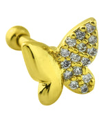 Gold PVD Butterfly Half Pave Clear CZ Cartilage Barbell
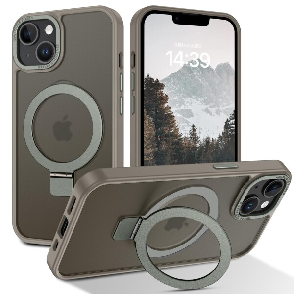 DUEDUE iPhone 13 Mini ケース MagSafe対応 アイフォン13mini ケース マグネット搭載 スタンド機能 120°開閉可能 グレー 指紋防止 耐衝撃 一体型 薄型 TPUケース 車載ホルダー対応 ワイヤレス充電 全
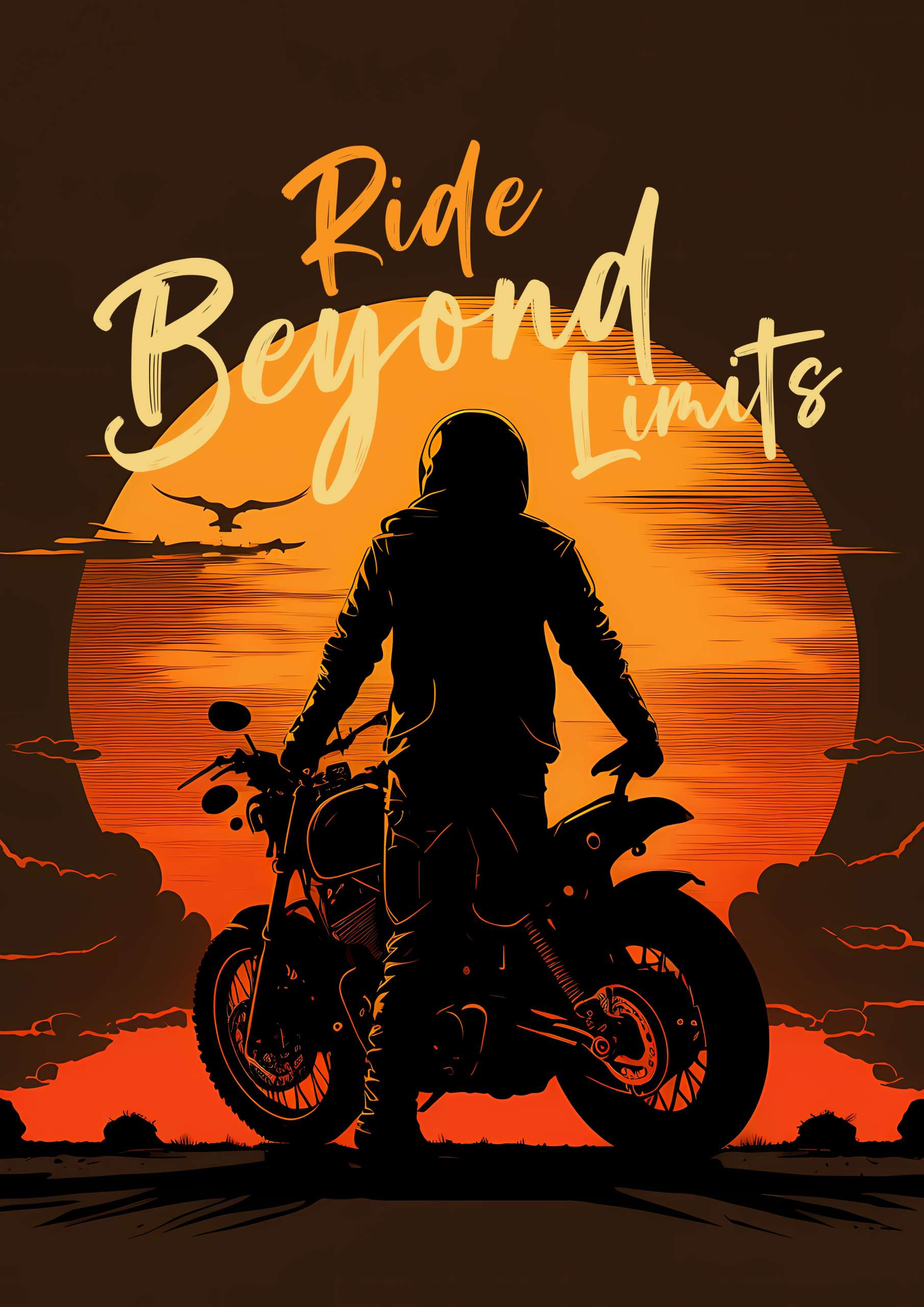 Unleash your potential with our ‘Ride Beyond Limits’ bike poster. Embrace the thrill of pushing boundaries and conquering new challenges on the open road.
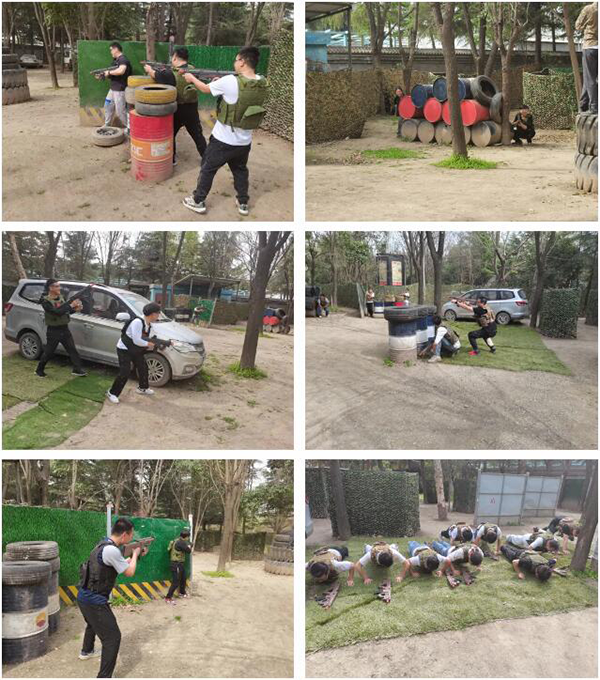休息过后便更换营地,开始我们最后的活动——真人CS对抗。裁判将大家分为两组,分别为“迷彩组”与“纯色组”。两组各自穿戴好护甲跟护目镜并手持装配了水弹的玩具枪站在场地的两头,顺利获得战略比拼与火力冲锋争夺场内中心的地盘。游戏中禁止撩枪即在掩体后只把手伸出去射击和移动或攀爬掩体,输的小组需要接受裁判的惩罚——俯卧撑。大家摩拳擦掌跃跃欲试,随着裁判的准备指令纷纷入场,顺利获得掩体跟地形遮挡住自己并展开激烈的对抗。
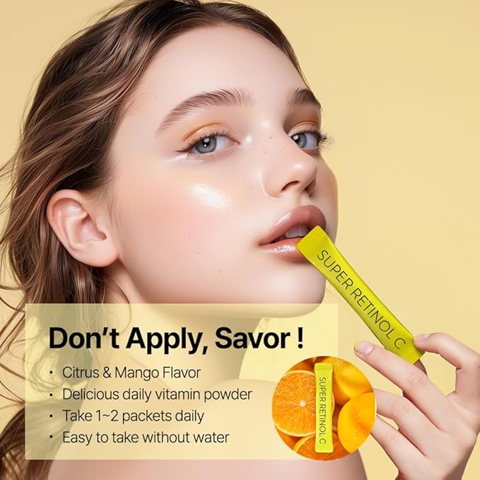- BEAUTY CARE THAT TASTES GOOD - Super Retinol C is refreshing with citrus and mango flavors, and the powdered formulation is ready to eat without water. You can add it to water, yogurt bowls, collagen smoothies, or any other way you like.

-----

Once the line containing "休息过后便更换营地,开始我们" has been located, transcribe exactly and only every line from the first line of the entries through it, excluding pictures.

 Gold PVD Butterfly Half Pave Clear CZ Cartilage Barbell
 DUEDUE iPhone 13 Mini ケース MagSafe対応 アイフォン13mini ケース マグネット搭載 スタンド機能 120°開閉可能 グレー 指紋防止 耐衝撃 一体型 薄型 TPUケース 車載ホルダー対応 ワイヤレス充電 全
 Unleash your potential with our ‘Ride Beyond Limits’ bike poster. Embrace the thrill of pushing boundaries and conquering new challenges on the open road.
休息过后便更换营地,开始我们最后的活动——真人CS对抗。裁判将大家分为两组,分别为“迷彩组”与“纯色组”。两组各自穿戴好护甲跟护目镜并手持装配了水弹的玩具枪站在场地的两头,顺利获得战略比拼与火力冲锋争夺场内中心的地盘。游戏中禁止撩枪即在掩体后只把手伸出去射击和移动或攀爬掩体,输的小组需要接受裁判的惩罚——俯卧撑。大家摩拳擦掌跃跃欲试,随着裁判的准备指令纷纷入场,顺利获得掩体跟地形遮挡住自己并展开激烈的对抗。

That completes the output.